The iAS includes business intelligence services, forms services, portal services, component services, dynamic data cacheing, web/http services and integration services in one product.

Mr Burton said anyone building an internet solution on a Microsoft platform had to put up with the fact that many pieces would be missing, such as cacheing, Java functionality and portal building.

The Oracle developer community was now growing at the rate of more than 2000 a day, from 20,000 people two years ago to 900,000 now.

"This is a key indicator of the kind of applications people are building.

"Before, for every one [developer] we had, Microsoft had 100. Now it's one to three."
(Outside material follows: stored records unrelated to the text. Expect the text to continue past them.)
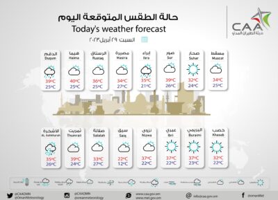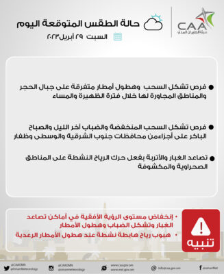 أعلنت هيئة الأرصاد الجوية عبر صفحتها الرسمية على موقع التواصل الاجتماعي تويتر ، عن فرص تشكل السحب وهطول أمطار متفرقة على جبال الحجر والمناطق المجاورة لها خلال فترة الظهيرة والمساء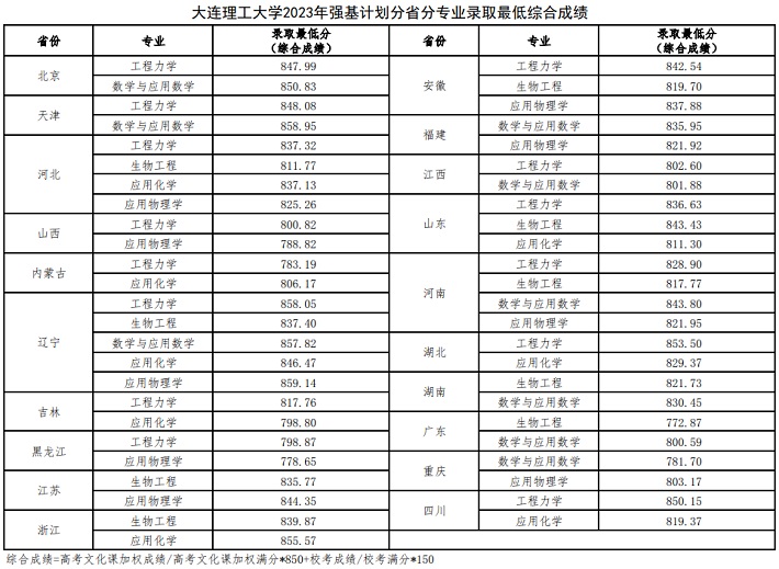 大连理工大学2023年强基计划分省分专业录取最低综合成绩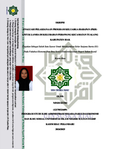 NINDI SETRI, - (2025) EVALUASI PELAKSANAAN PROGRAM KELUARGA HARAPAN (PKH) UNTUK LANSIA DI KELURAHAN PERAWANG KECAMATAN TUALANG KABUPATEN SIAK. Laporan thesis, UNIVERSITAS ISLAM NEGERI SULTAN SYARIF KASIM RIAU.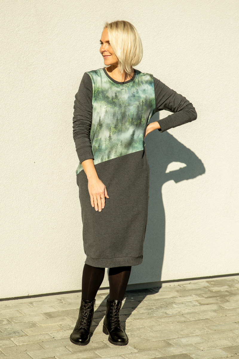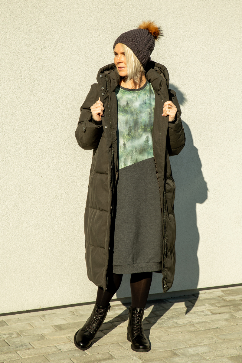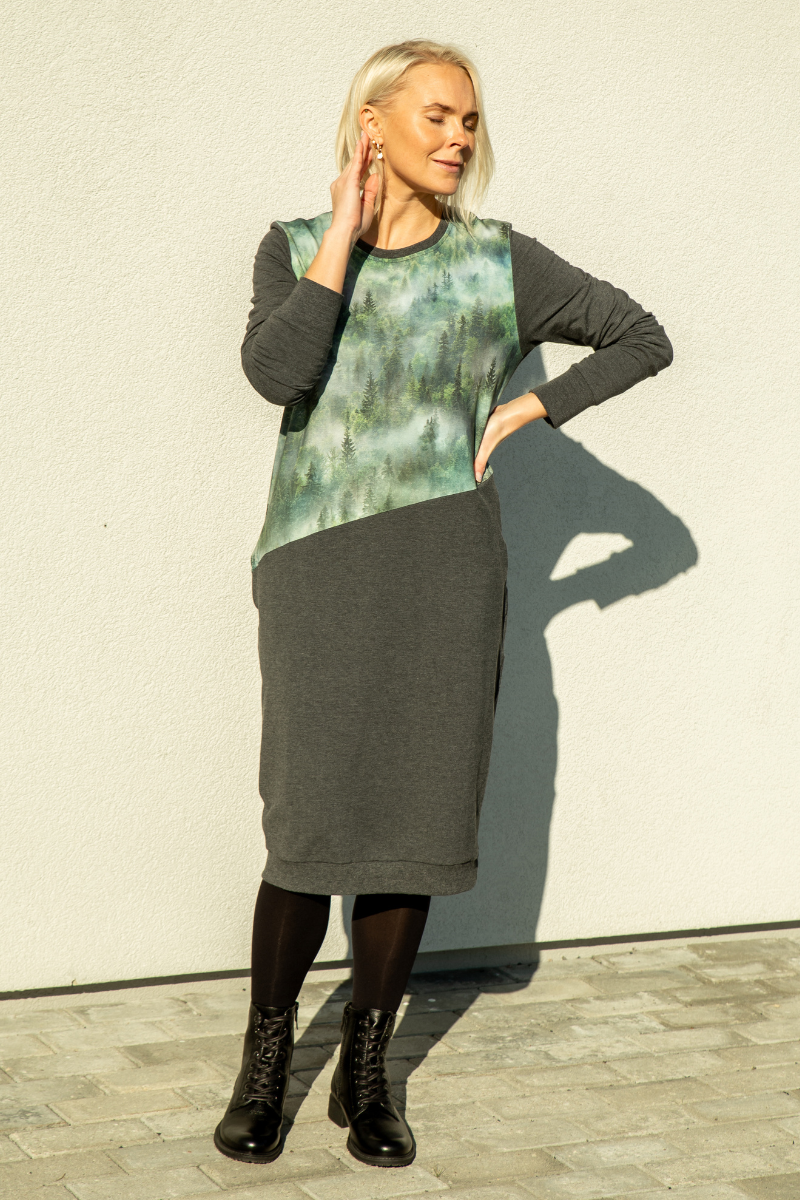 Ilgesnė figūrą primenanti suknelė su kišenėmis ir gobtuvu Helen Rabamets-Kohe, sandėlyje yra XL dydžio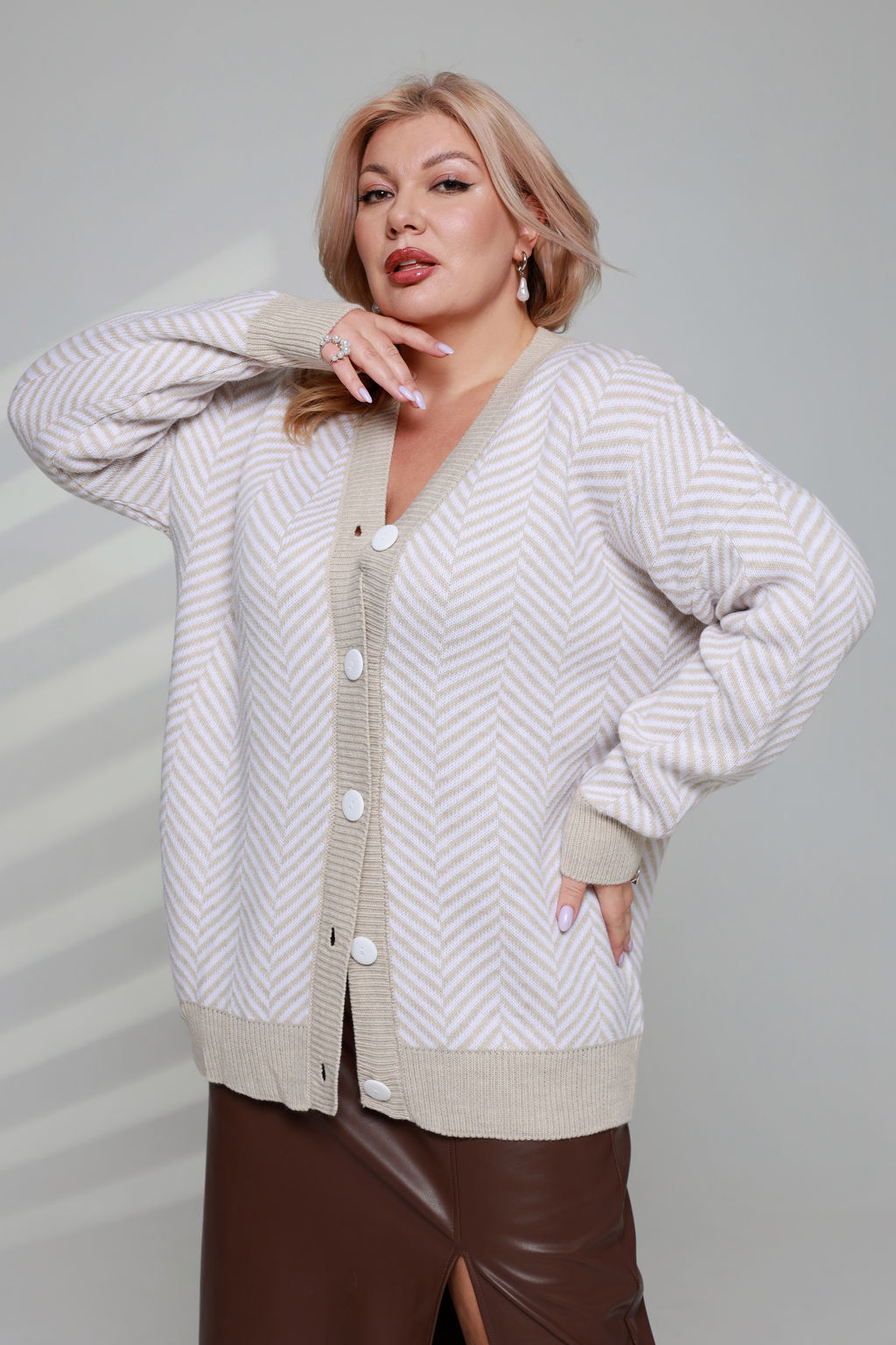 Кардиган, выполненный из высококачественного трикотажа - идеальное решение для стильных и модных женщин, которые стремятся выглядеть привлекательно и комфортно в любое время года. Благодаря уникальной технологии вязки, кардиган обладает удивительной мягкостью и легкостью, позволяя коже дышать. Глубокий V-образный вырез переходит в планку с пуговками. Кардиган можно носить как открытым, так и застегнутым на пуговицы это позволяет создавать различные стильные сочетания. Манжеты на рукавах полной длины и  низ изделия связаны в технике английской резинки. Благодаря своему универсальному дизайну, этот кардиган идеально сочетается с любыми нарядами - от повседневных до вечерних.  Безупречный стиль этого изделия подчеркнет вашу индивидуальность и придаст образу шарма и элегантности.­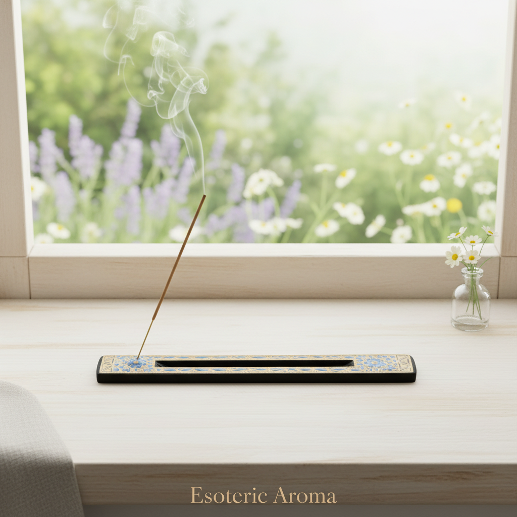 The elongated structure includes a center channel designed to hold one standard incense stick while collecting ash neatly along the surface.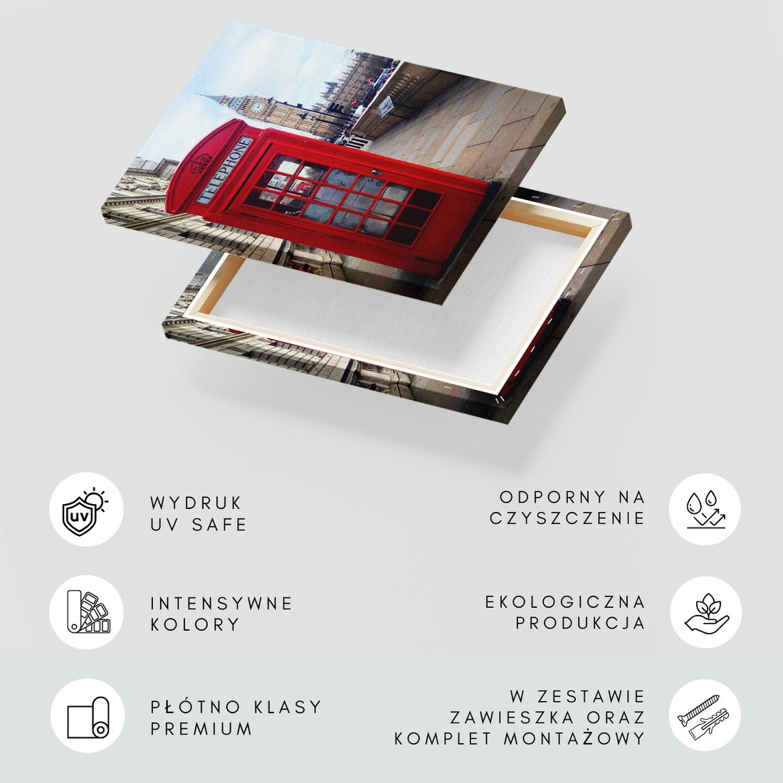 Obraz na płótnie z motywem Londyn, budka telefoniczna, miasto to kwintesencja estetyki i trwałości. Dzięki łatwemu montażowi i uniwersalnemu wzornictwu, czyni go idealnym wyborem zarówno do codziennego użytku, jak i na wyrafinowany prezent.

To make it easier for developers to get the tools they need, Oracle has compacted its tools into one Internet Developer Suite.

The suite includes Oracle JDeveloper, Oracle Portal and Oracle Forms Developer and Designer, as well as its business intelligence tools, Oracle Reports and Oracle Discoverer.

Oracle Portal is a new product which allows developers to rapidly assemble portal sites using a web browser by assembling components, called portlets.

These portlets can pull together the information, applications and services users need.

In this way it is a catch-up to SAP's mySAP.com Workplace, released a year ago.

The developer suite costs $US4995 ($10,700) per named user. Previously the total cost of the five tools sold separately was $US14,000.

The simplification also extends to the Oracle 8i database, which now includes workflow, standard management tools, visual information retrieval capabilities and everything needed to run any database application.

Next up for a kicking was IBM. Mr Burton said IBM also had many of the pieces needed to move business to the internet, but none of the pieces worked well together. As a result the company needed 130,000 consultants.

He said that before the latest release, Oracle, too, was also too complex and required a lot of consultancy work.

Collapsing many technology products into the Oracle 8i database and iAS removed a lot of complexity.

IBM has combined much of its middleware into the WebSphere suite to bring its installed base forward.

With iAS now available, IBM is in for a tough year.

Mr Burton said other niche vendors such as BEA would also be targeted, as Oracle leveraged its iAS middleware against its huge database business.